Recently, AWS introduced a new open-source solution called AWS Virtual Waiting Room, allowing integration with existing web and mobile applications. In addition, the solution protects systems from resource exhaustion by buffering user requests during sudden traffic bursts.
The open-source solution buffers users in a waiting room until their turn arrives. Moreover, it shields the backend environment from traffic and avoids the backend's need to scale to accommodate all users at a single time. However, the integration of AWS Virtual Waiting Room with a web or mobile application depends on four scenarios, according to a recent AWS Compute blog post:
- Upstream traffic redirection from the primary target site to flow through AWS Virtual Waiting Room – an option that sends all user traffic through the waiting room with the initial capacity of users permitted to the protected system.
- Downstream redirection to the virtual waiting room from the target site – an option sending all traffic to the target site.
- Direct target site API integration for buffering users from an existing website without any redirection – an option that integrates the virtual waiting room at the API level.
- OpenID Connect (OIDC) adapter - an option that provides no-code native integration of the waiting room with OpenID Connect-enabled system components, such as the AWS Application Load Balancer (ALB).
The AWS Virtual Waiting Room solution implementation includes three main components:
- Core APIs provide the basic mechanisms for tracking clients entering the waiting room. The code APIs' primary resources include two Amazon API Gateway deployments, a VPC, several AWS Lambda functions, an Amazon DynamoDB table, and an Amazon ElastiCache cluster.
- A waiting room front-end website, a static site, is shown to users awaiting their turn.

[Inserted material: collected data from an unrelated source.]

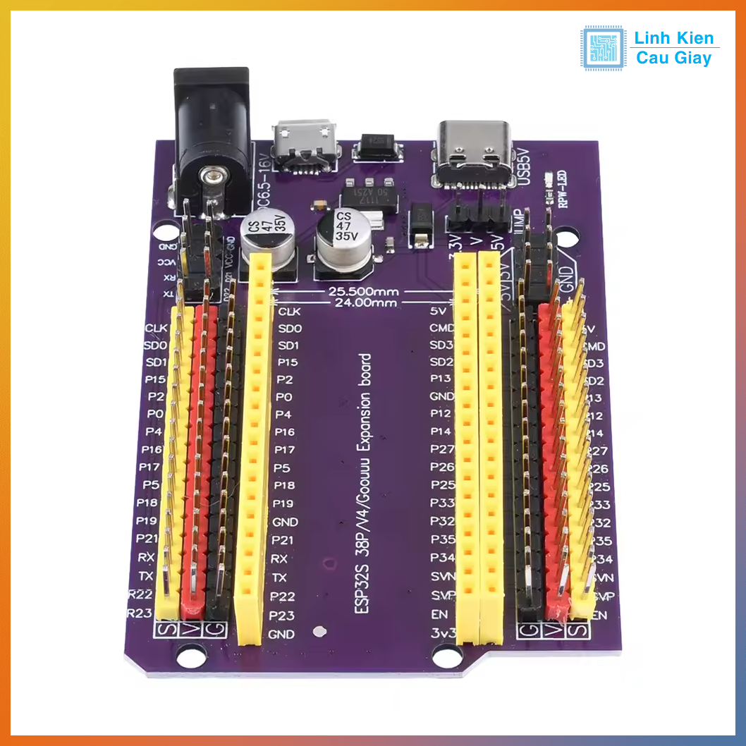 ESP32 ESP32S ESP-WROOM-32 Expansion Board có hai hàng chân cái (female headers) tương ứng với 38 chân của module ESP32, được đánh dấu rõ ràng trên PCB: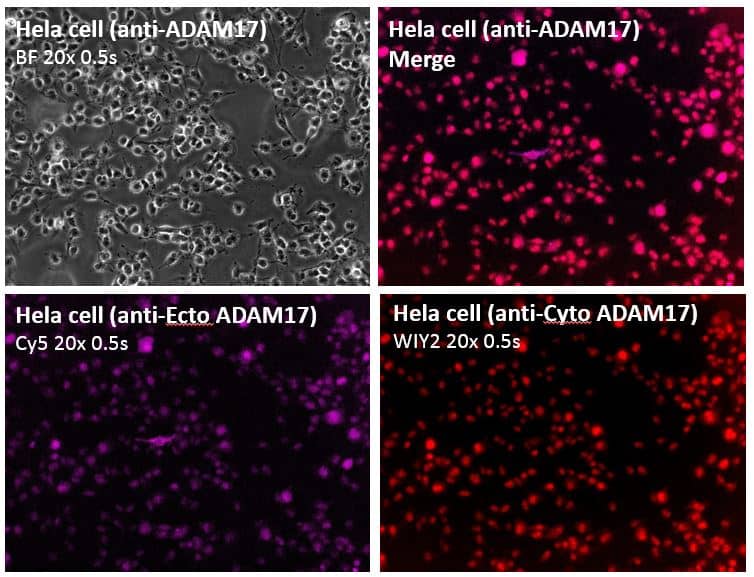 HeLa human cervical epithelial carcinoma cell line was stained with Mouse Anti-Human TACE/ADAM17 Ectodomain Alexa Fluor® 647-conjugated Monoclonal Antibody (Catalog # FAB9301R, filled histogram) or isotype control ...read more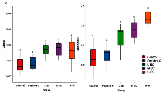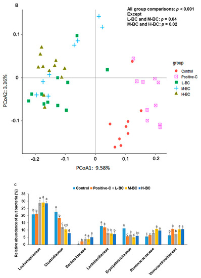 α-diversity is a quantitative assessment of the number of bacterial species present and in the present study it was determined using chao1 and Shannon indexes. These two indexes were similar in the control and the positive-C groups but higher in the BC groups than in the control group (Figure 6A). According to Shannon indexes, α-diversity dose-dependently increased with BC (p < 0.05; Figure 6A). Principle coordinate analysis (PCoA) showed β-diversity of the gut microbiome: fecal bacterial communities formed well-separated clusters in the five study groups (Figure 6B). The control group was clearly separated from the positive-C and BC groups (p < 0.001). BC groups formed a large cluster (p < 0.001), though each group was clustered into subgroups according to the dosages of BC (Figure 6B). These results indicate that α- and β-diversities were improved in the BC groups compared to the control group. However, those of the control and positive-C groups were not significantly different.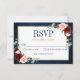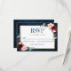 Burgundy Floral Gold Navy Blue Rustic Wedding RSVP Card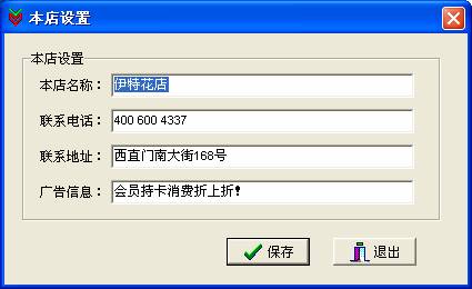 选择“文件”菜单里“本店设置”命令,录入您店里的基本信息后,单击“保存”按钮。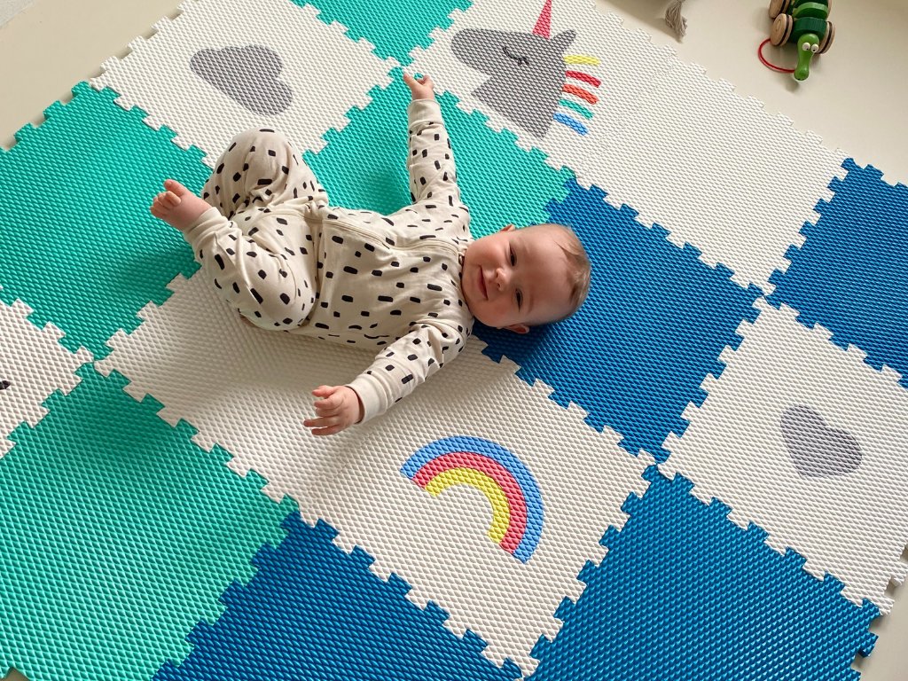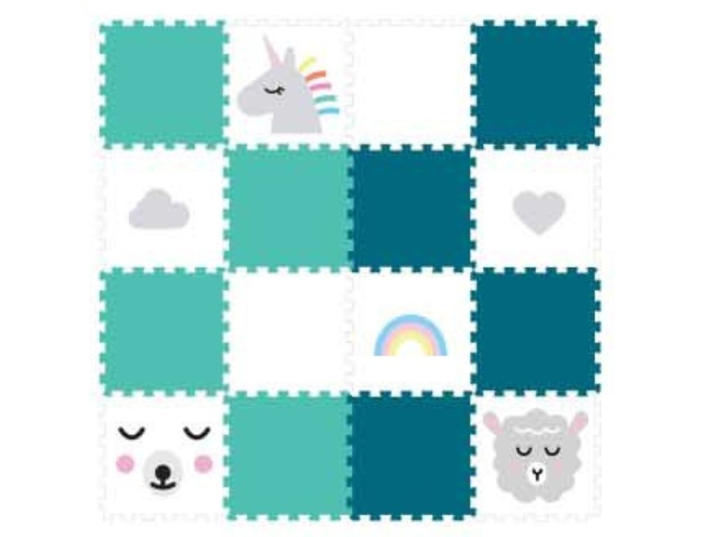 | Sada obsahuje: | 16 pěnových puzzle podložek (4 jarní zelené puzzle, 4 tyrkysové puzzle, 2 bílé puzzle, 1 bílý medvídek, 1 bílá puzzle se světle šedým srdíčkem, 1 bílá puzzle se světle šedým jednorožcem, 1 bílý beránek, 1 bílá duha, 1 bílá puzzle se světle šedým mráčkem) |

This site dynamically updates the position being served and their place in line on a configurable interval.
- A lambda authorizer for protected target system that wraps and protects the downstream protected target system's APIs, ensuring all user invocations have a validated time-limited token issued by the waiting room core API.
Source: https://aws.amazon.com/blogs/compute/introducing-aws-virtual-waiting-room/
Mark Nunnikhoven, a cloud strategist at Lacework, stated in a tweet:
Bottom line on the AWS Virtual Waiting Room is that if you need this pattern, you're probably going to end up building something like this anyway. A pre-built & well-testing solution from @awscloud can help jump-start your efforts here.
Yet, a developer advocate at Lumigo, Yan Cui, tweeted:
I love seeing this sort of thing, but I'd prefer a managed service, not a CFN stack I have to deploy and run in my account, esp given it's not a trivial stack - I end up owning the uptime, but not the underlying code.
And a respondent on a Reddit thread commented why the solution fits for some organizations:
The relevant customers for AWS are organizations like my employer, which pay AWS a nice 6+ figure sum each month. And why do we do that? Because it is still a heck of a lot cheaper than doing it all yourself. You probably would need our staff of backend engineers (a dozen people) just to manage the database aspect of it.
The WS Virtual Waiting Room solution is available at no additional cost and provided as open-source under the Apache 2 license. More details and guidance for the solution are available in the implementation guide.